The Lutzie 43 Foundation, founded in 2014 in memory of late Auburn tight end Phillip Lutzenkirchen, unveiled its new safe driving initiative in Atlanta this week. 

The initiative, named 43 Key Seconds, aims to create the first nationally-recognized symbol for distracted and impaired driving prevention. The initiative also includes a 43 Key Seconds key, meant to be a physical reminder for drivers to complete the safe driving checklist: clear head, clear hands, clear eyes and clicked seatbelt. 

Lutzenkirchen died as a passenger in a single-vehicle accident in 2014. Not wearing his seatbelt, he was ejected from the vehicle. 

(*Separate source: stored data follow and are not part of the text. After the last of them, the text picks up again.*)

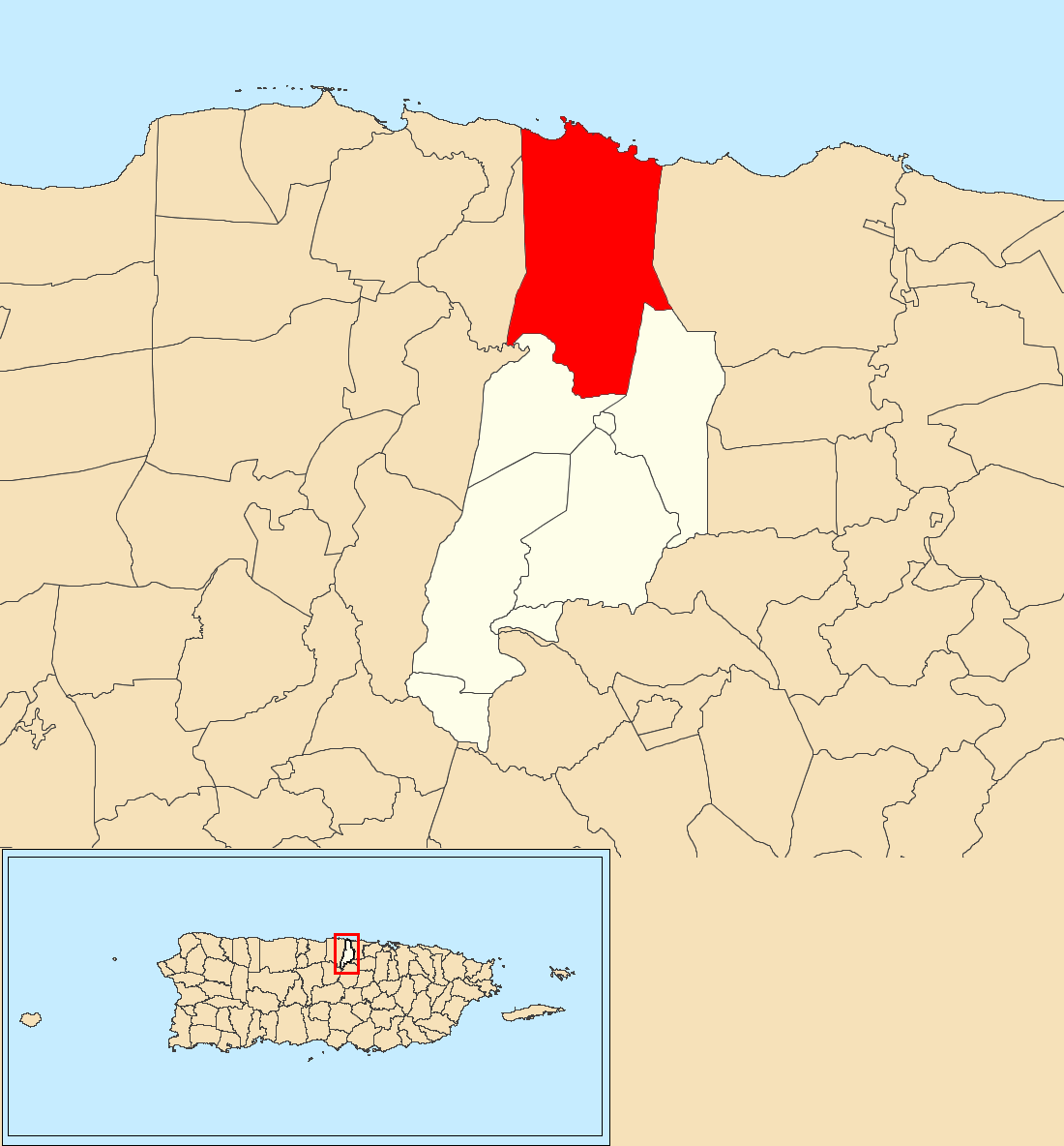 Sabana, Vega Alta, Puerto Rico locator map
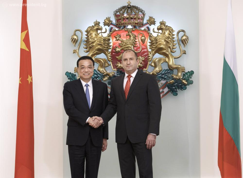 Bulgarian President Rumen Radev and Chinese Premier Li Keqiang in 2018
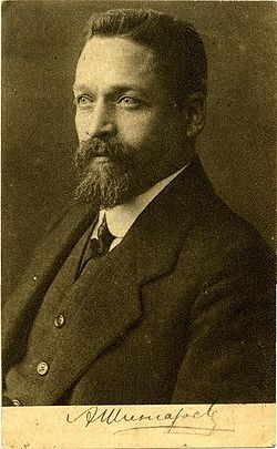 Andrey Shingarev
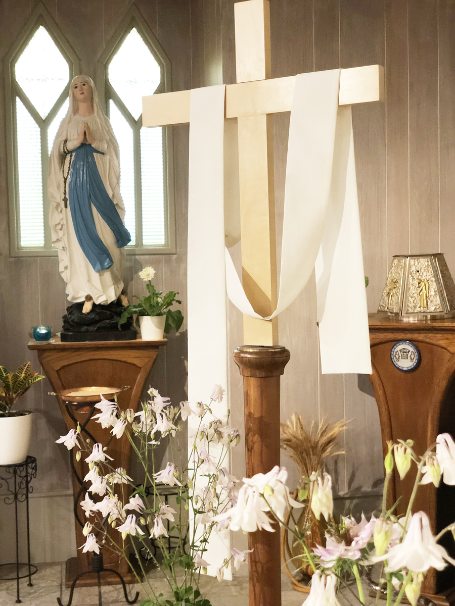 Cappella del Petit Couvent - Casa Madre delle suore dell'Immacolata Concezione di Nostra Signora di Lourdes
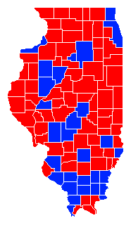 Results by county, 1998, for Secretary of State of Illinois
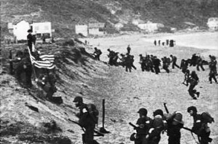 Allied invasion into Algeria during Operation Torch, 8.11.1942
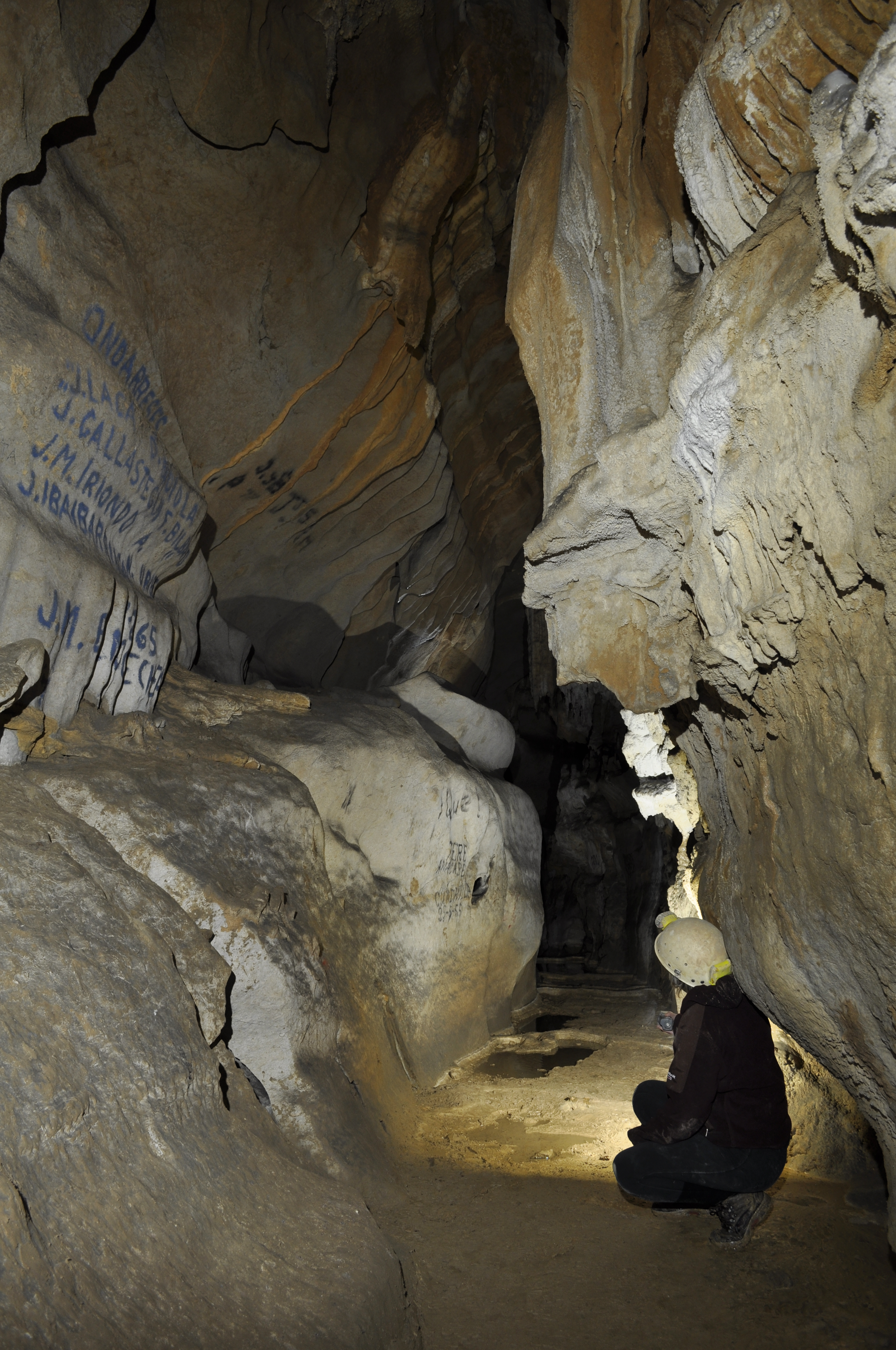 Atxurra, "Horses' Cornice". Graffiti next to the gravures.
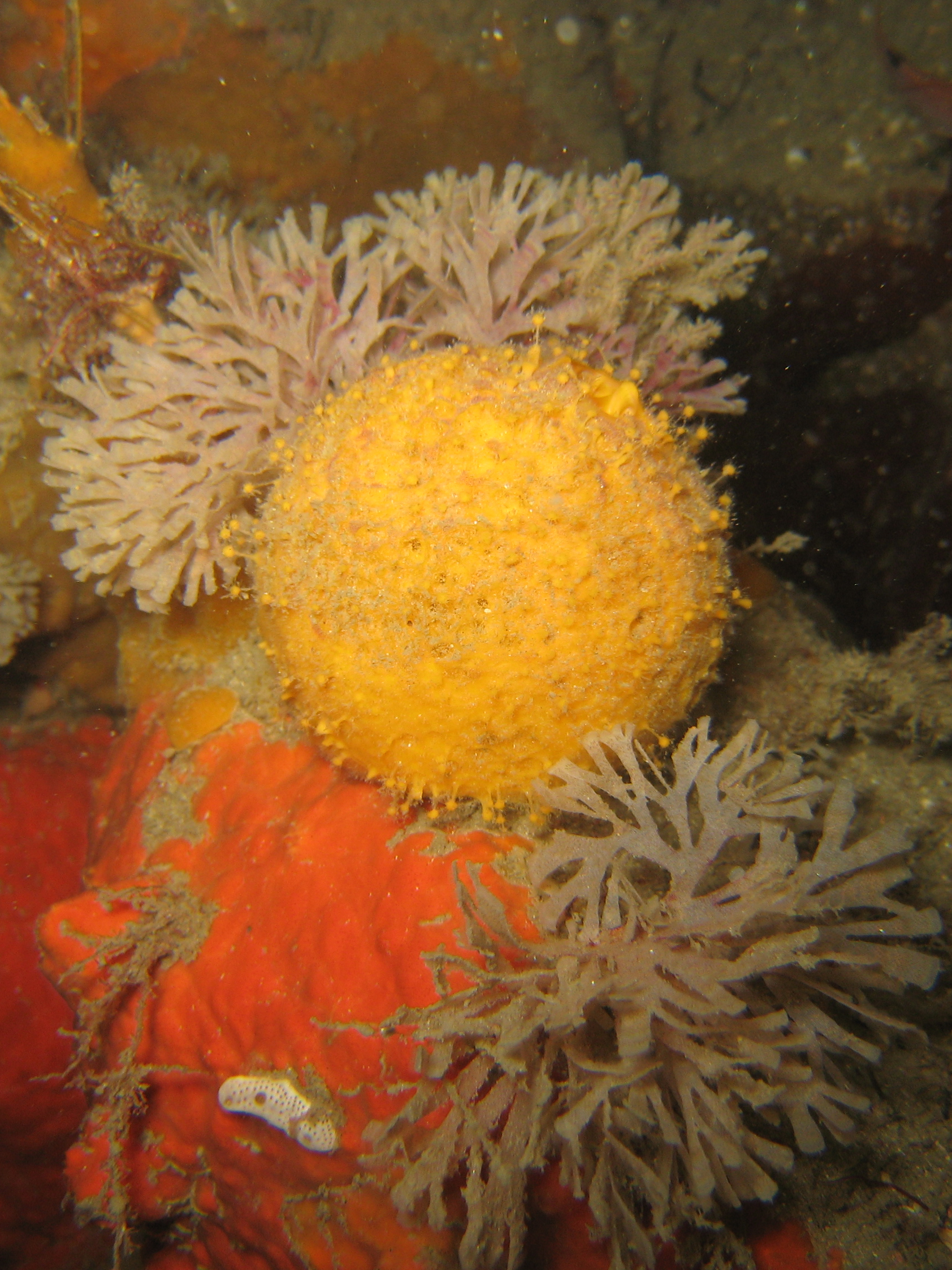 Tethya citrina surrounded by Chartella papyracea in Carantec.
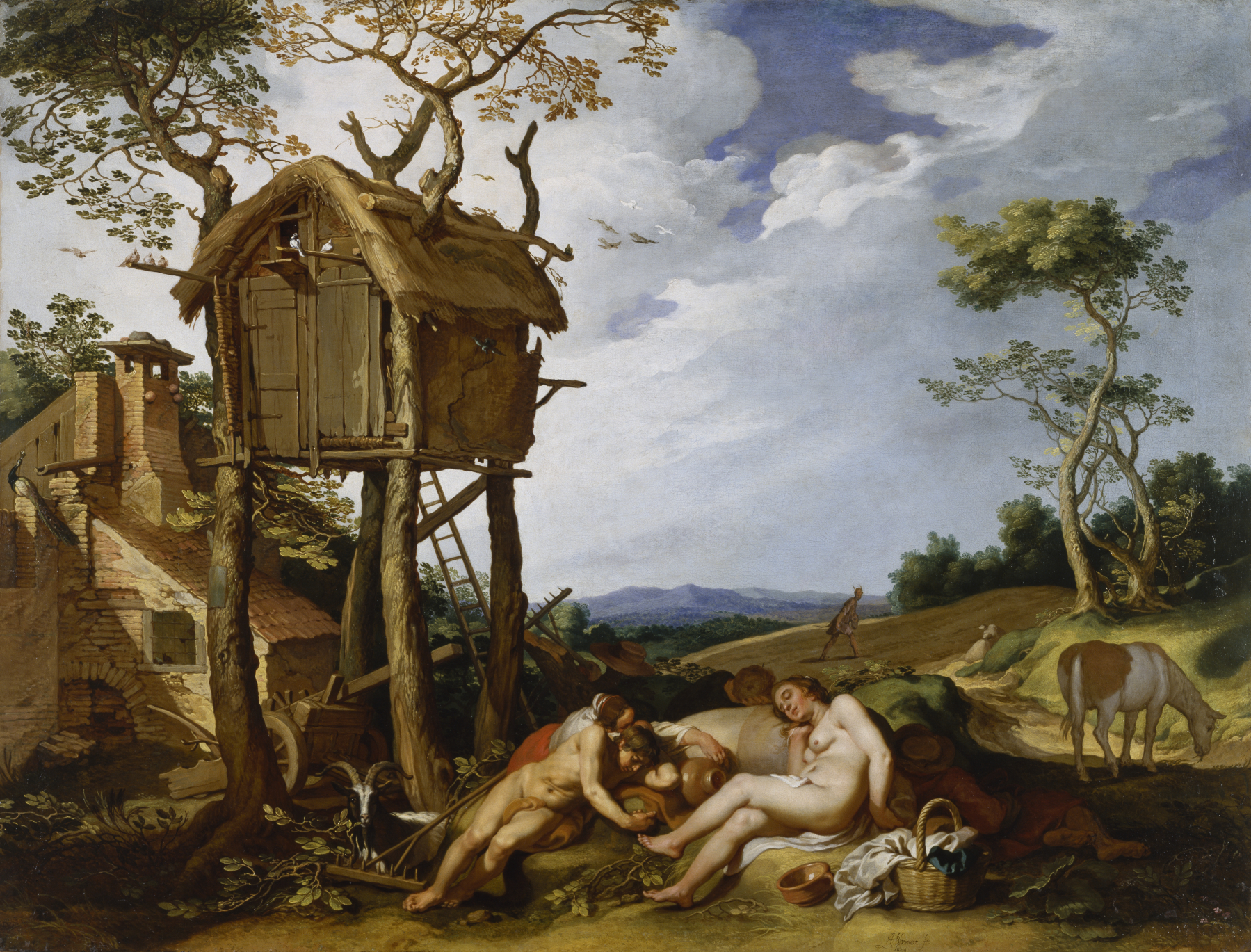 In this parable from the Gospel of Matthew, the devil, identified by his horns and tail, sows weeds (or tares) in the field where wheat has been planted, while the lazy peasants are sleeping. Christians considered sloth one of the Seven Deadly Sins to which mankind was subject as a result of the Original Sin of Adam and Eve, to whom the two naked sleepers allude. The dovecote (a birdhouse to attract doves or pigeons that can be trapped for food without the bother of raising them) was associated with the morally lazy who take the easy way. The goat, known for its lust, alludes to self-indulgence, and the peacock, to pride. Bloemaert was gifted in depicting natural detail, but he never painted pure landscapes, preferring pictures with a lesson. He was one of the leading artists of Utrecht and trained many major artists of the next generation.

"My son’s death could have been avoided had the driver and passengers, including Philip, made smarter decisions behind the wheel and in the car" stated Mike Lutzenkirchen, Philip’s father. "I truly believe that if my son had been wearing a seatbelt, he would be here with us today. I have made it my life’s goal to honor Philip’s legacy through this foundation and through the 43 Key Seconds initiative."

The initiative got a boost this week when the Arthur M. Blank Family Foundation awarded the Lutzie 43 Foundation a $239,000 grant. 

"On behalf of the Arthur M. Blank Family Foundation, we are thrilled to award the Lutzie 43 Foundation a grant to support their incredible vision and mission to impact young drivers and create positive ambassadors for safe driving," said Angie Blank. "As someone passionate about promoting safe driving, I find it alarming that the number one cause of death in teens is a preventable occurrence. I am confident that Philip’s story will inspire change in this area and fully believe his story will lead others to think twice before making poor decisions on the road. I am honored to have a hand in the 43 Key Seconds initiative and look forward to seeing the positive changes it produces on the roads."

The launch of the 43 Key Seconds initiative coincides with National Teen Driver Safety Week, which was designated as the third week in October by Congress in 2007. Distracted driving is the number one cause of death in teens ages 16-19, and nine people in the U.S. are killed each day as a result of crashes involving a distracted driver, according to the Department of Motor Vehicles.